Upadhyay Ukesh (22) came to Japan from Nepal with his father when he was 14 years old. In 2017, when he was still a teenager, he was stopped on his way to school, he said, and four police officers forced him to raise his hands and searched his book bag. They found only a pencil, an eraser, a notebook, and a textbook and sent him on his way.

Since then, Ukesh said, profiling has become a daily nuisance. Ukesh now works at a hotel in Osaka, supervising about 50 part-time workers, many of whom are not Japanese. Recently, he said, he was waiting for his girlfriend on the street when two police officers were asked to search her.

“I’m just letting them get it checked, but I really don’t want my stuff to be searched for no reason,” he said.

Tran Tuan Anh, 35, a Tokyo grocery store manager who first came to Japan from Vietnam 10 years ago as a language student, said he gets stopped by the police once or twice a year. Once, a police officer cornered him as he hurried to change trains.
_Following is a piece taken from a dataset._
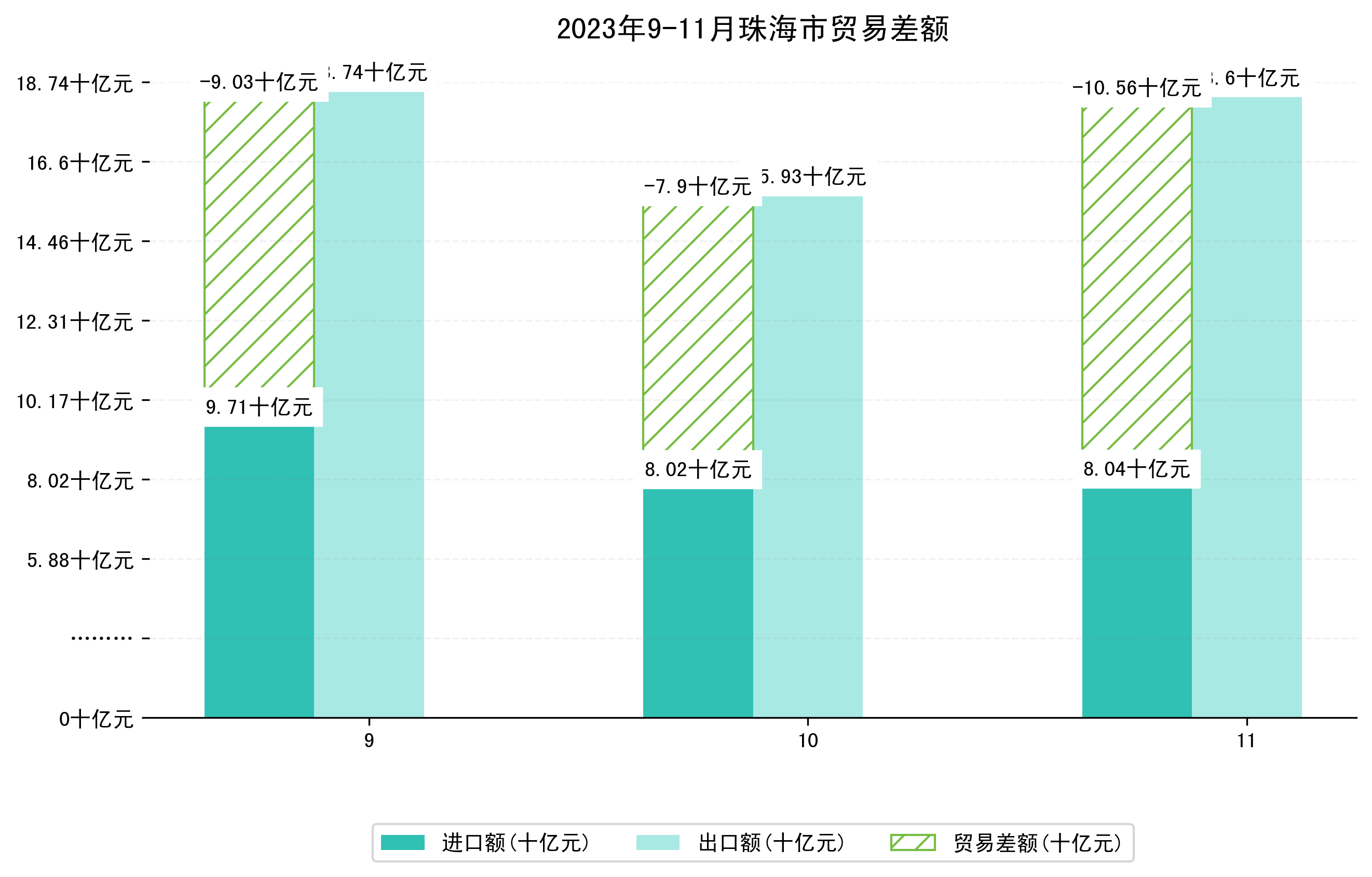 2023年11月珠海市进出口总额及进出口差额统计分析

He said he appeared to suspect he was involved in the recent stabbings.

“They thought I was a foreigner and followed me,” he said. “One of the police officers stood in front of me and the other behind me to prevent me from running away.”

Akira Igarashi, a sociology professor at Osaka University, said that even if individual attitudes change in Japan, bureaucratic organizations such as the police may become more rigid. He said officers appeared to be acting under the false belief that crime was more prevalent among immigrants.

“Japanese police don’t know that this is discrimination,” he says.

Such encounters can be especially unpleasant for Omotegawa and a small but growing number of mixed-race and naturalized Japanese people.

Laura Nagai, 31, who was born to a Sri Lankan mother and a Japanese father, was on her way to work as a fitness instructor when she was stopped by police multiple times for questioning, causing her to be late. Her boss and co-workers didn’t seem to believe her, unable to believe that something like this could happen so often.

She said she learned of the term racial profiling from a news report about a recent lawsuit and was able to put a name to the disturbing experience she’s had for most of her adult life.

“I don’t think ordinary people in Japan know that something like this is happening,” Nagai said.